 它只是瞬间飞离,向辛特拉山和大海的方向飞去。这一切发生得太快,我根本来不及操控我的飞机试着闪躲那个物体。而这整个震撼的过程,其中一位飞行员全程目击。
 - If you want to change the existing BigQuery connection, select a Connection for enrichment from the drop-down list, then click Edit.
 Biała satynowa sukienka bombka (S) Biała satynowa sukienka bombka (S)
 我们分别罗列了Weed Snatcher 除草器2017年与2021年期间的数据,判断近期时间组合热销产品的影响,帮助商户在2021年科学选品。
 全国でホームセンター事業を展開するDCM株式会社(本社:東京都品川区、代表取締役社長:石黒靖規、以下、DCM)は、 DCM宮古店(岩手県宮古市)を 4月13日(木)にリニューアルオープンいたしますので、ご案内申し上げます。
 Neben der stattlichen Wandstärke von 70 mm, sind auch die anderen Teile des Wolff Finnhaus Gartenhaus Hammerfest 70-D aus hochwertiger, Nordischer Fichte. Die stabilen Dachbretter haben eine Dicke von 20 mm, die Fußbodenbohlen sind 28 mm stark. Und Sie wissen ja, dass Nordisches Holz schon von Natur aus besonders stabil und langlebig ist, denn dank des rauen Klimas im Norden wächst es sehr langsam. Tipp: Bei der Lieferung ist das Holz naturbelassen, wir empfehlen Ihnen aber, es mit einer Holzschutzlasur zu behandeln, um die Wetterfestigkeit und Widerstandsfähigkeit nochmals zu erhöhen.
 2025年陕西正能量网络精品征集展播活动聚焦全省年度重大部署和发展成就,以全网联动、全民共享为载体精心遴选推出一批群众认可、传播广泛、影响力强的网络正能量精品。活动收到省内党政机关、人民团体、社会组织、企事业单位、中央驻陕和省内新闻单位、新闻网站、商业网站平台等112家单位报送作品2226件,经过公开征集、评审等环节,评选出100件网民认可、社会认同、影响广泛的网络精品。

...

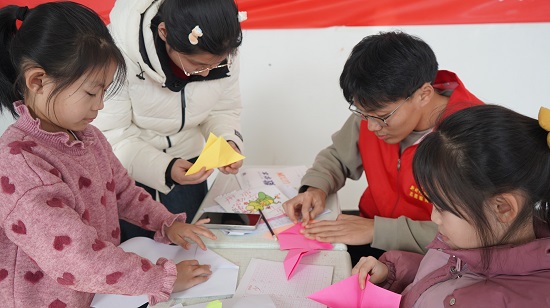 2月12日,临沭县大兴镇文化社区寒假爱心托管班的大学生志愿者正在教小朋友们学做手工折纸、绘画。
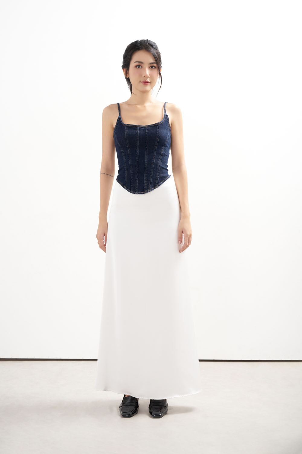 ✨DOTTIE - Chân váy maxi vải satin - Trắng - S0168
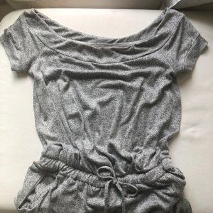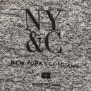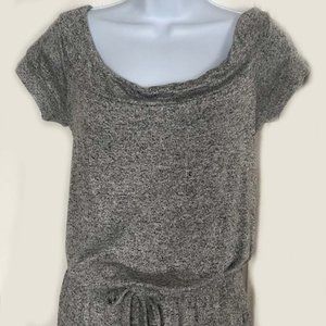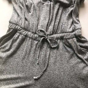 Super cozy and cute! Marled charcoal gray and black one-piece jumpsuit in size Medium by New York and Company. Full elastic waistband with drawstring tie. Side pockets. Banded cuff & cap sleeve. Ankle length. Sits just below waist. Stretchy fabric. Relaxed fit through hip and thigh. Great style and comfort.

#### About this exercise:
What to print is the stretch of entries from the line with "2月12日,临沭县大兴镇文化" up to and including the line with "Super cozy and". Please print it exactly and leave out the pictures.

#### Reply to the exercise:
 2月12日,临沭县大兴镇文化社区寒假爱心托管班的大学生志愿者正在教小朋友们学做手工折纸、绘画。
 ✨DOTTIE - Chân váy maxi vải satin - Trắng - S0168
 Super cozy and cute! Marled charcoal gray and black one-piece jumpsuit in size Medium by New York and Company. Full elastic waistband with drawstring tie. Side pockets. Banded cuff & cap sleeve. Ankle length. Sits just below waist. Stretchy fabric. Relaxed fit through hip and thigh. Great style and comfort.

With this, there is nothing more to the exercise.